The video is, in part, an effort by Reflections of Manatee, Inc., for the preservation of Angola (a haven of liberty from the 1770s to 1821). The community’s demise was a tragedy, but the spirit of the freedom-seeking people continues for descendants of those who escaped to Andros Island in the Bahamas. To remember the 1821 tragedy and the September 15, 1963 Sixteenth Street Church Bombing, the video offers a virtual tour of the New College Public Archaeology Lab.

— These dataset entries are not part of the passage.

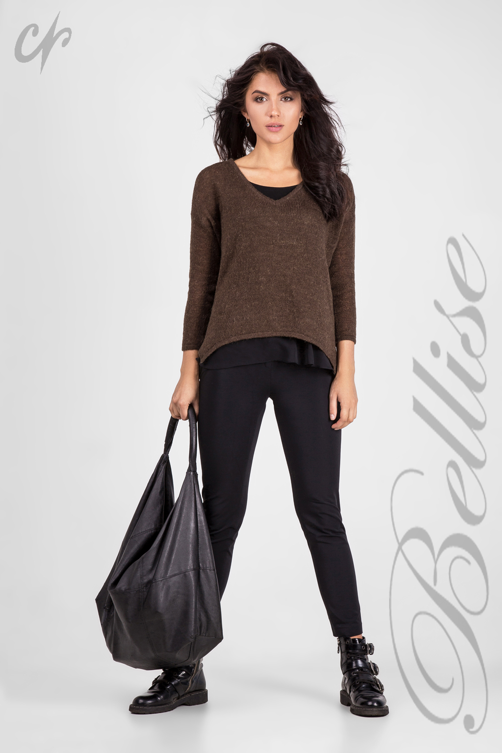 Джемпер тонкий, но очень теплый и слегка колется. В джемпере передняя часть короче, чем спинка по центральной части, спущенная линия плеча, рукав 3/4.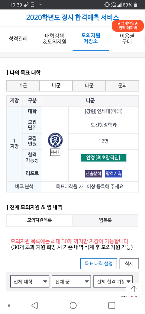 다름이 아니라 메가에서 정시 합격예측을 했을때 이 사이트에서는 안정이 떴는데 실제론 불합격할 수도 있나요?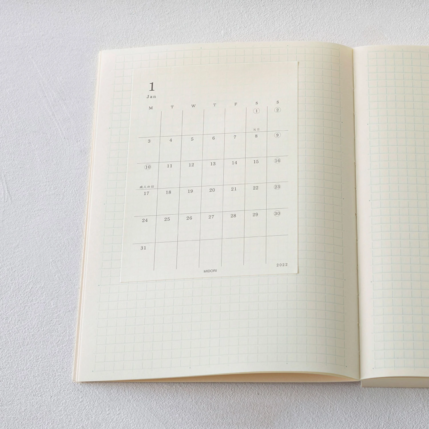 The Midori 2022 Diary Sticker [S] allows you to stay organised using your existing notebook. For example, you can attach a month-long calendar sticker to the left page of your MD Notebook, then use the right page to keep a daily journal and repeat for the rest of the months.Â
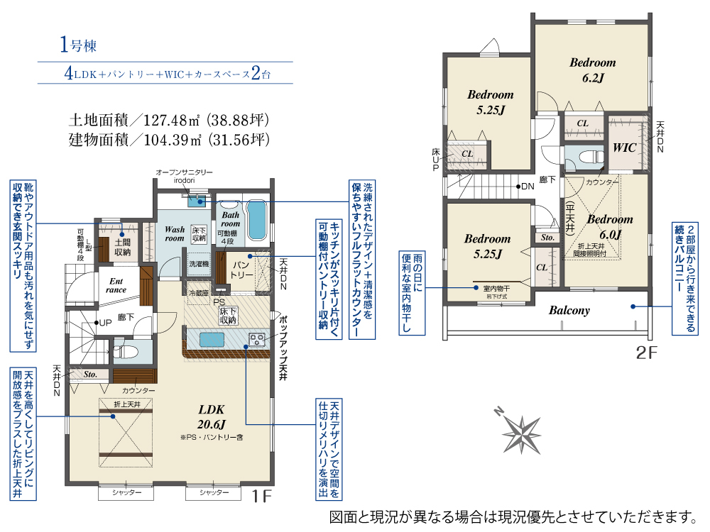 | 建物面積 | 104.39m2(約31.57坪) | 土地面積 | 127.48m2(約38.56坪) |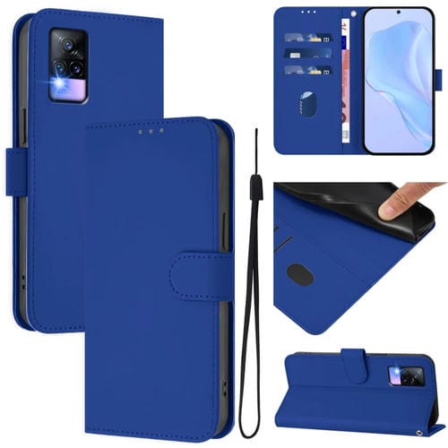 Funda de Piel Sintética con Cordón para Teléfono Vivo V20/V21E 4G/Y73 2021 (Azul Oscuro)
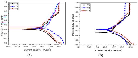 Comparing the aspect of the potentiodynamic curves, it is obvious that for all the investigated alloys the passivation process takes place. The passivation domain started from 403 mV for T2, from 531 mV for T1, and from 632 mV for T3, T2 being the first surface which starts to passivate (Figure 8b). In SBF solution, a clear passivation domain is observed in the case of T1 and T3, while T2 started to passivate approximately 150 mV earlier (Figure 8a).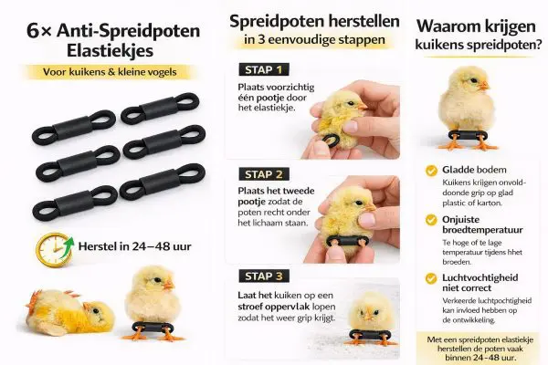 Anti-spreidpoten elastiekjes voor kuikens (6 stuks)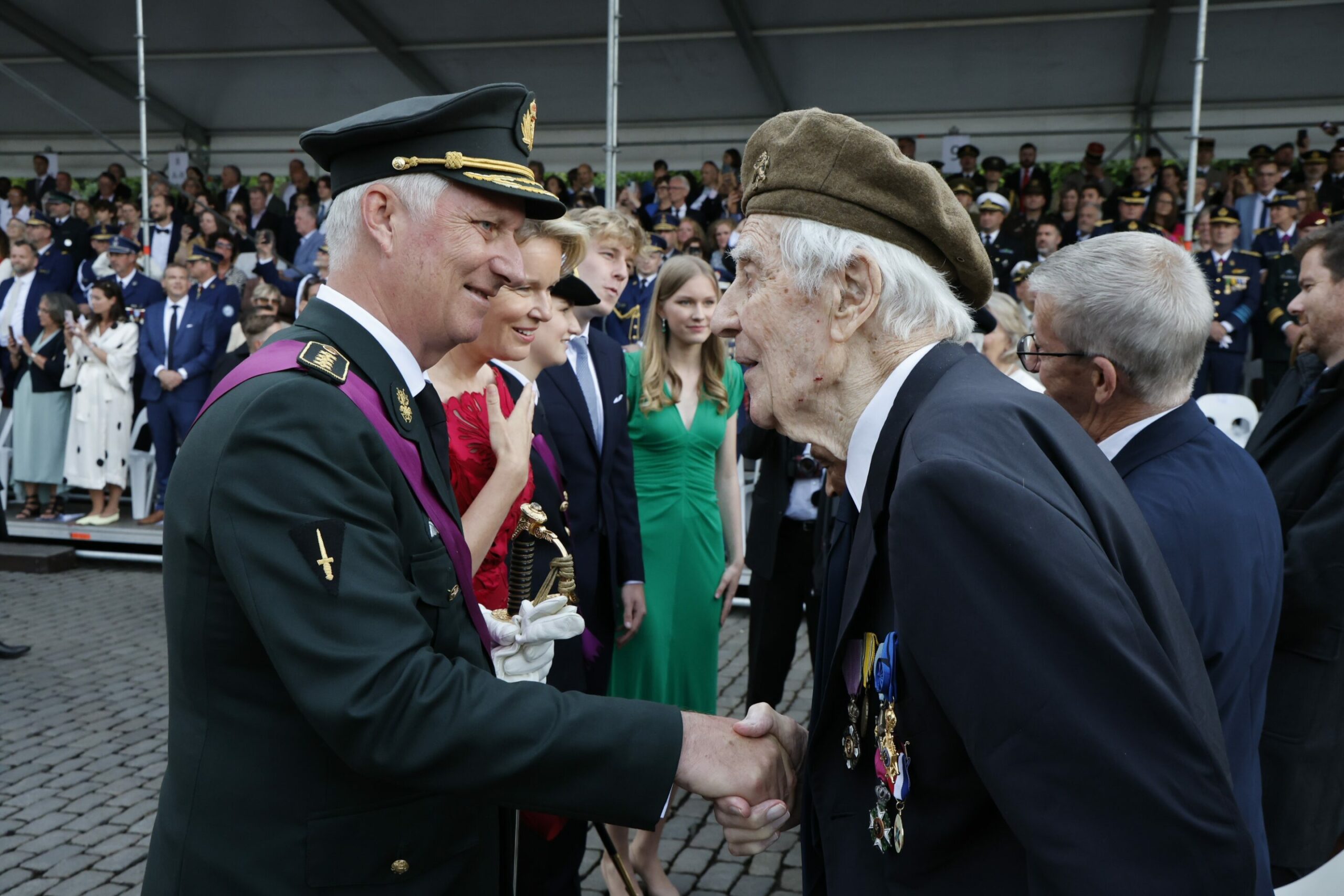 King Philippe of Belgium, Queen Mathilde of Belgium and shake hands with World War II veterans after the military and civilian parade on the Belgian National Day, in Brussels, Monday 21 July 2025. Credit: Belga / Nicolas Maeterlinck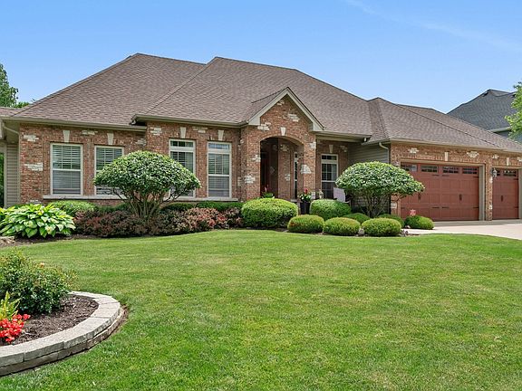 Prepare yourself to be "awestricken" by this impeccably maintained ranch in Blackberry Woods Subdivision. 9 Ft. ceilings and hardwood floors greet you once you enter. French doors accent not one, but two entrances to the den. Note the tray ceiling in the family room with brick faced fireplace framed by doors to the Three-Season Room. The hardwood floors continue as you make your way to the kitchen in this open floor plan. White shaker cabinets have above and below lighting with granite counters. An island breakfast bar allows for more counter space. Pantry cabinet, butlers pantry and breakfast room round off this kitchen. Bathing the interior with natural light is the three season room offering stunning views of the back yard. The disappearing windows never obscure the view and baseboard heat helps warm you in the early spring and fall months. 4' hallways and rounded corners take you to the bedrooms. The master suite has a deep tray ceiling. Its private bath, too, has a design ceiling and offers double sinks, jet tub, separate shower and linen closet. The massive walk-in closet has been professionally organized. Additional 2 bedrooms also have professionally organized closets and share a hall bathroom with walk in shower. You will become the gathering home of all your family and friends once they see this fully finished deep pour basement. The expansive recreation room seamlessly makes its way into a gaming area with bar. A half bath, work out room, and large storage area complete the lower level. The lavishly manicured landscape is stunning, and the backyard becomes breathtaking as the sun goes down with mood lighting. Rolling farm fields and wooded area are your views providing tranquility. The 3 car garage is heated, has epoxy flooring, a wall organized for tools, tool bench and newer garage doors. An additional shed holds the extras. The home is on a corner lot with a dead end street on one side and cul-de-sac on the other.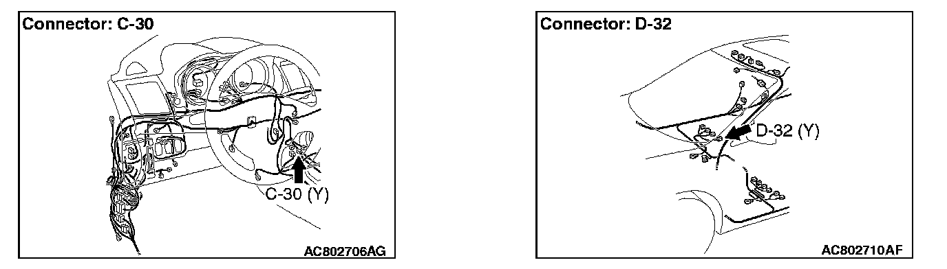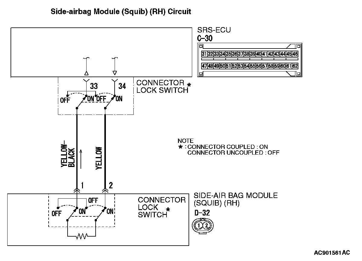 - SRS-ECU connector C-30 (terminal No.33) and the side-airbag module (RH) connector D-32 (terminal No.1)
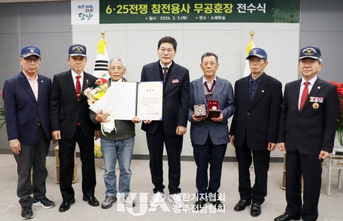 [´ëÇѱâÀÚÇùȸ ´ã¾ç±ºÁöȸ Ź»óÈÆ ±âÀÚ] ´ã¾ç±ºÀº 5ÀÏ ±ºÃ» ¼Ò¼â¿ø½Ç¿¡¼­ 6¡¤25 ÀüÀï ÂüÀü¿ë»çÀÎ °í(ͺ) Á¶µ¿±Ô »óº´ÀÇ À¯Á·¿¡°Ô ¹«°øÈÆÀåÀ» Àü¼öÇß´Ù°í ¹àÇû´Ù.
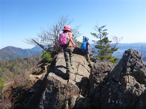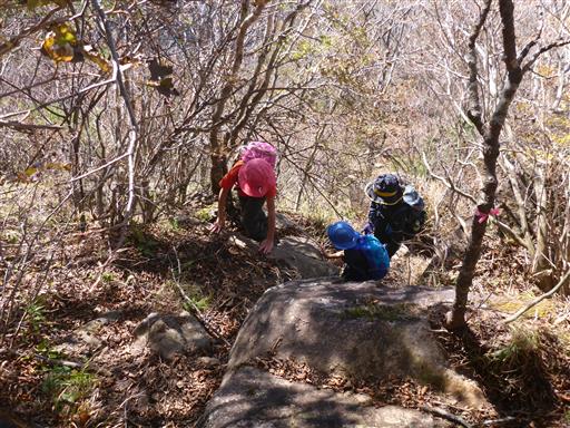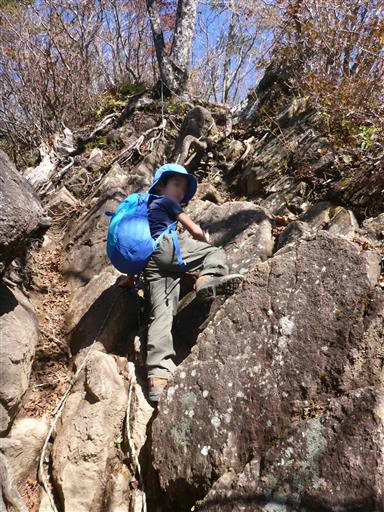今度は岩場の登り。簡単な岩場が続く稜線で、子供たちは楽しんでいる。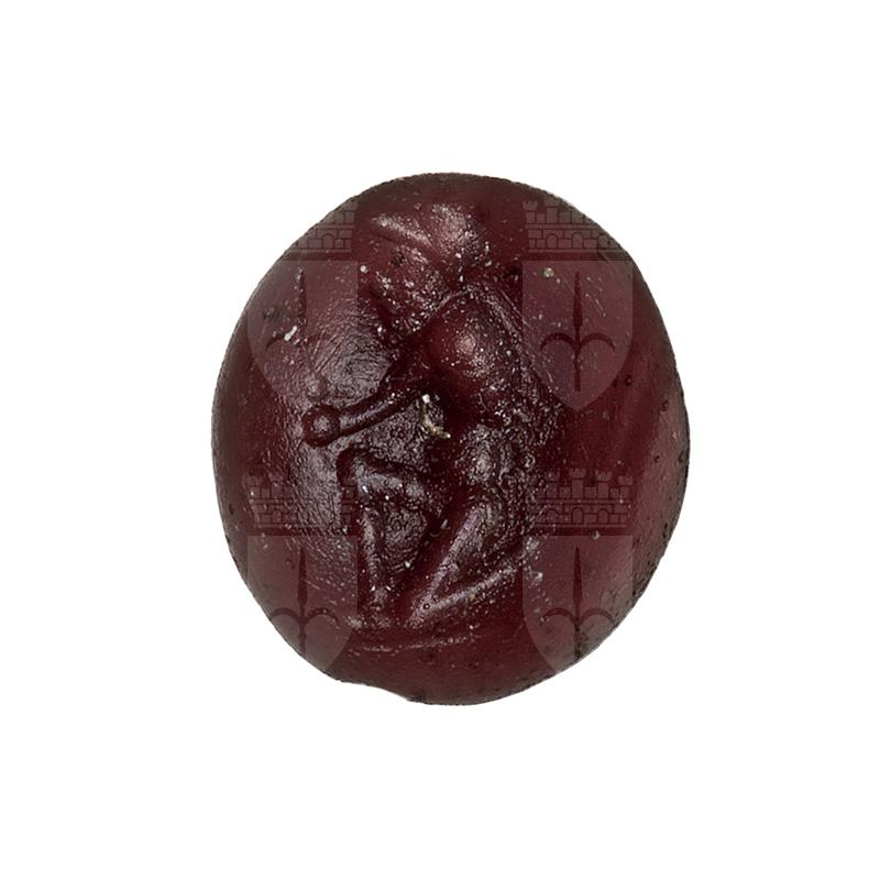 Gemma ovale, convessa, piana. Uomo inginocchiato a destra tira su con la lenza un pesce. Linea di terreno.

Uzi Baram, professor of Anthropology and Director of the New College Public Archaeology Lab, opens the lab to show the ongoing archaeological research into the belongings recovered by excavations in January 2020 by the Manatee Mineral Spring. The excavations, funded by the City of Bradenton; and the laboratory research, funded by the Florida Division of Historical Resources; are illuminating everyday life for the maroons of the 1770s-1821 Angola community (as well as the lifeways of the settlers who created the Village of Manatee, now the eastern part of Bradenton). The ongoing research will be integrated into commemorations of Angola at the eastern terminal of Bradenton’s Riverwalk at the Manatee Mineral Spring.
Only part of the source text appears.